Contributors to the study include investigators from Children’s Hospital Los Angeles, the Norris Comprehensive Cancer Center at the Keck School of Medicine of USC, the University of Texas MD Anderson Cancer Center, and the Istituto Scientifico Romagnolo per lo Studio e la Cura dei Tumori in Italy. Key authors include Kishore B. Challagundla, Petra M. Wise, Paolo Neviani, Haritha Chava, Mariam Murtadha, Tong Xu, Rebekah Kennedy, Cristina Ivan, Xinna Zhang, Ivan Vannini, Francesca Fanini, Dino Amadori, George A. Calin, Michael Hadjidaniel, Hiroyuki Shimada, Ambrose Jong, Robert C. Seeger, Shahab Asgharzadeh, Amir Goldkorn, and Muller Fabbri.

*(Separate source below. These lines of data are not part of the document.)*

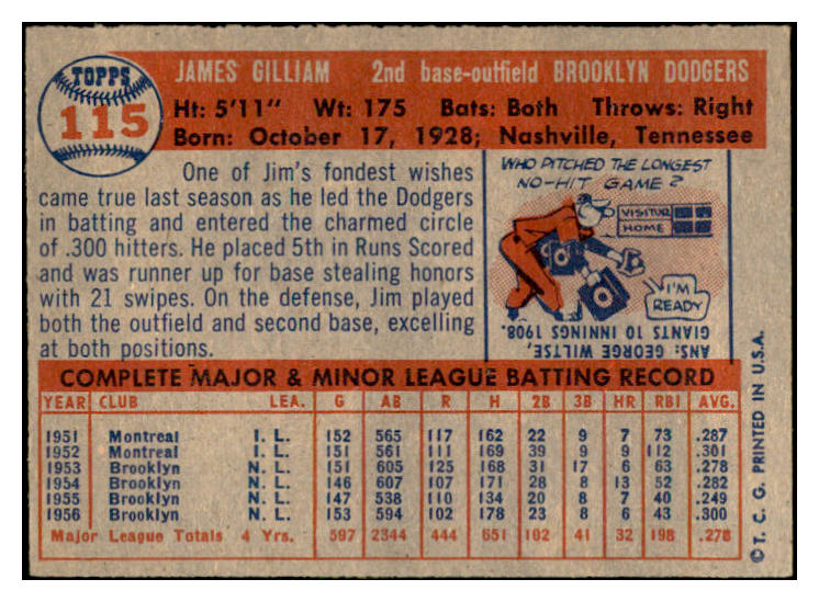 1957 Topps Baseball #115 Jim Gilliam Dodgers EX+/EX-MT 532489
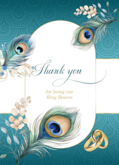 Ring Bearer Wedding Thank You Peacock in Teal and Gold
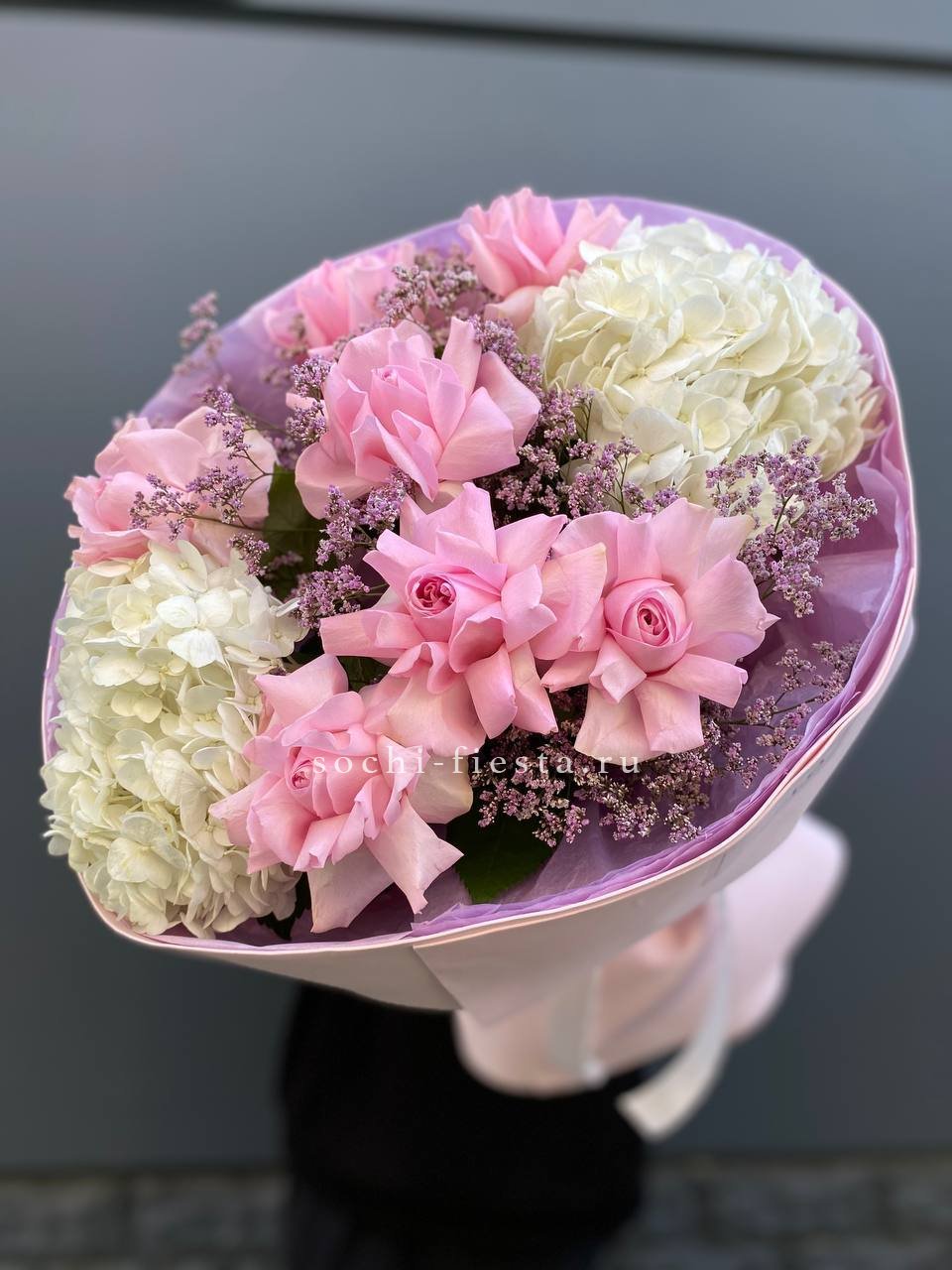 диантус, гербера, кустовая роза, роза белая, лимониум (замена в несезон), дельфиниум/маттиола/львиный зев/гладиолус (замена в несезон), лента, авторская упаковка.
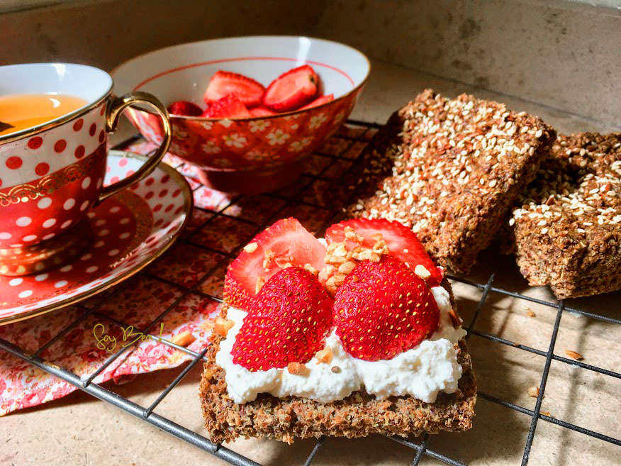La segunda propuesta para una semana muy fresa Pan de linaza, sin azúcar, sin levadura, sin harina Tengo que confesar que este pan me acompaño toda mi dieta y aun cuando ya podía comer pan integral preferí seguí comiéndolo. Su sabor es un tanto fuerte por lo que recomienda preparar con linaza dorada que no es tan amarga En la foto se los muestro en un desayuno con queso ricota, fresa y nueces, ...
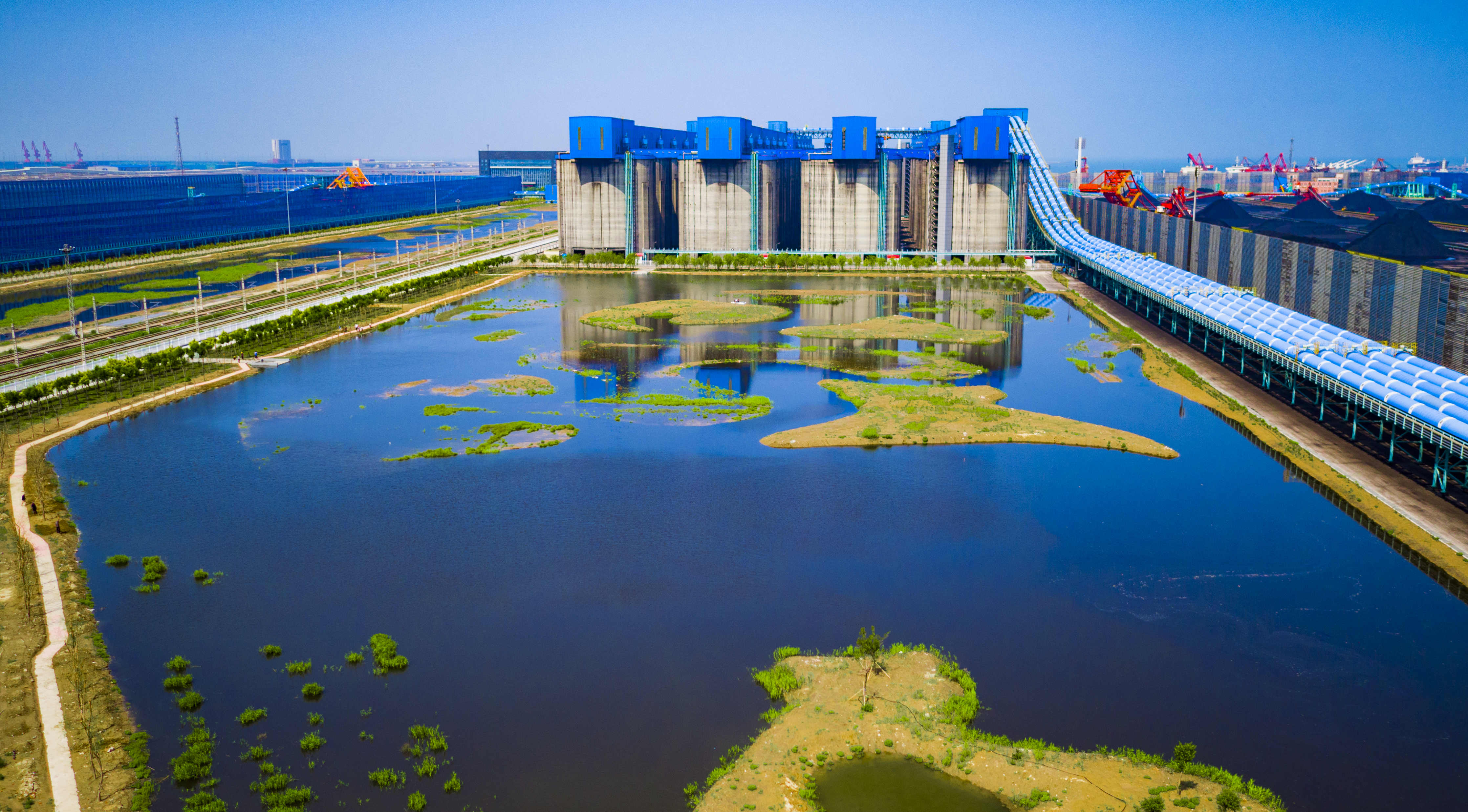 近日,中华环境保护基金会“港口海岸生态保护修复项目”的负责人和新华网记者一行专程走访了四个研究领域其中之一的试点港口——国能黄骅港。四月的北方春风袭人,走进国能黄骅港,煤炭港口却没有了飞扬的煤尘,煤炭装卸堆存全过程实现了无尘化。这座昔日的“煤港”,如今湖水清澈,鱼儿跃动,俨然一片“海上绿洲”,一幅幅生动的画面展现着港口海岸生态保护项目的显著成效。作为我国西煤东运、北煤南运的重要港口,国能黄骅港曾面临着严重的煤尘污染问题,如今,这里以科技创新为引领,探索出一条绿色智慧引领港口新篇章的发展之路。国能黄骅港顺利完成了从苦海沿边到绿色枢纽、生态良港的华丽蜕变,焕发出勃勃生机。
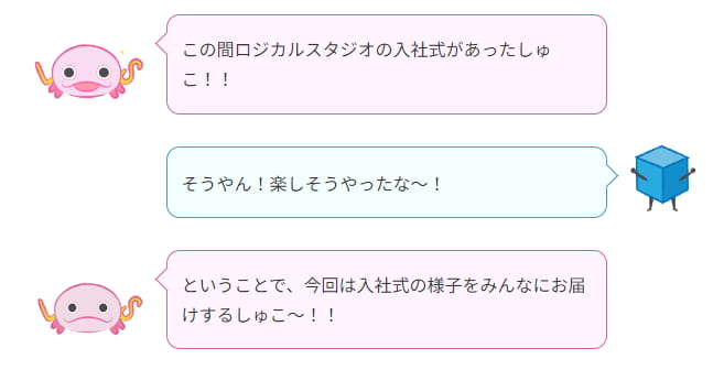 弊社マスコット キャラクター カール 弊社マスコット キャラクター ロージー わ、忘れてたわけではないしゅこ。 忘れたふりしゅこ。 というわけで、今日は 入社式 の様子を覗いてみるしゅこ! ↓昨年の入社式の様子はこちら↓ 2021年度 ロジカルスタジオ入社式を開催しました! 〜ロジカルパレード編〜 どうやら今回の入社式のテーマは 「自分の好きなものを身に纏う・持ってくる」 らしいしゅこ! それでは、2022年度入社式を初めていきたいと思います! フロントエンドエンジニア いっちー フロントエンドエンジニア
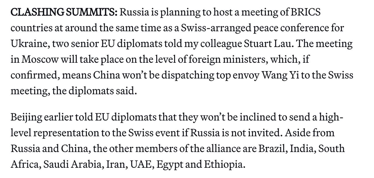 "Россия планирует провести встречу стран БРИКС примерно в то же время, что и организованная Швейцарией мирная конференция по Украине, рассказали два высокопоставленных дипломата ЕС. Встреча в Москве пройдет на уровне министров иностранных дел. Если информация подтвердится, это будет означать, что Китай не отправит Вана И на швейцарскую встречу, заявили дипломаты", - пишет издание.
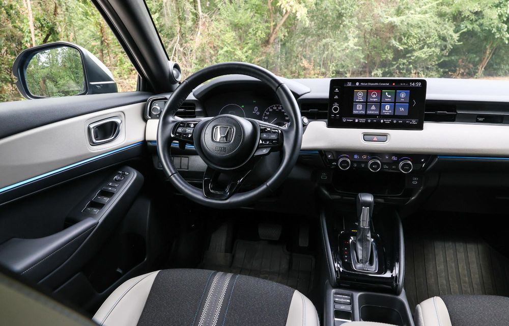 Asta înseamnă că motorul electric e cel care se va ocupa de pus în mișcare roțile față ale lui HR-V. Totuși, la nevoie propulsorul termic poate pune umărul la treabă, trimițând putere către roți.
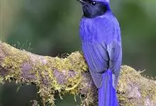 大仙鹟:体重34-38克,体长20-2厘米。是一种体型较大的深色鹟。雄鸟上体蓝色,头顶、颈侧条纹、肩块及腰部辉蓝,下体黑色。雌鸟橄榄褐色,头顶蓝灰,颈侧具闪辉浅蓝色块,喉具皮黄色三角形块斑。…全部>>
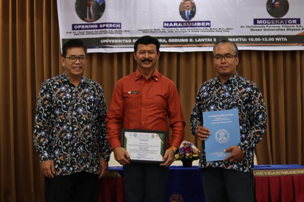 Bali, detikk1 .com 22 Oktober 2025 — Wakil Rektor II Universitas Hang Tuah (UHT) Surabaya, Laksamana Muda TNI (Purn) Dr. Iwan Isnurwanto, S.H., M.A.P., M.Tr.(Han)., tampil sebagai narasumber dalam Kuliah Umum Karakter di Universitas Dhyana Pura (Undhira), Bali. Acara ini mengusung tema “Wawasan Kebangsaan melalui Pendidikan Kepemimpinan” dan diikuti lebih dari 300 peserta yang terdiri atas mahasiswa dan dosen Universitas Dhyana Pura.
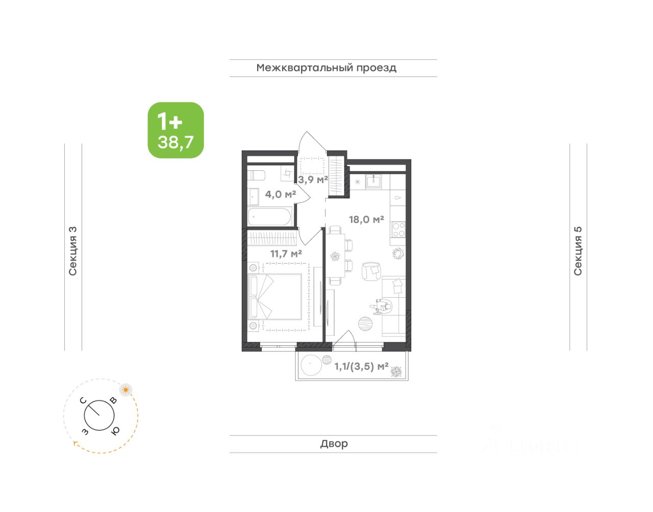 Площадь 38,7 кв.м. с совмещенной кухней-гостиной, обособленной спальней, личной гардеробной и возможностью оборудовать рабочее место.

Funding: Research support was provided by the St. Baldrick’s Foundation, the Pablove Foundation, and multiple National Institutes of Health grants, including awards from the National Cancer Institute and a Brain SPORE grant. Muller Fabbri is supported as a St. Baldrick Foundation Scholar.
Abstract
Background: The role of exosomal microRNAs in driving drug resistance through tumor microenvironment interactions has not previously been defined in neuroblastoma.
Methods: The team performed coculture experiments to document exosomal transfer of miR-21 from neuroblastoma cells to human monocytes and miR-155 from monocytes to neuroblastoma cells. Luciferase reporter assays assessed miR-155 targeting of TERF1. Xenograft models tested tumor responses to cisplatin combined with exosomal miR-155 delivery. Expression levels of CD163, miR-155, and TERF1 were evaluated in primary neuroblastoma tissues.
Results: Neuroblastoma-derived exosomes induced a significant increase in miR-21 in monocytes, and coculture with monocytes raised miR-155 levels in neuroblastoma cells. miR-155 directly reduced TERF1 activity in reporter assays. In vivo, tumors exposed to exosomal miR-155 grew significantly larger under chemotherapy conditions compared with controls, and primary tumors with high macrophage infiltration showed higher miR-155 and lower TERF1 levels.
Conclusions: These findings support a model in which exosomal miR-21 and miR-155 mediate bidirectional signaling between neuroblastoma cells and monocytes/TAMs, promoting telomerase activation and chemotherapy resistance via a miR-21/TLR8–NF-κB → exosomal miR-155 → TERF1 pathway. Targeting this exosome-mediated communication could restore chemotherapy sensitivity in neuroblastoma.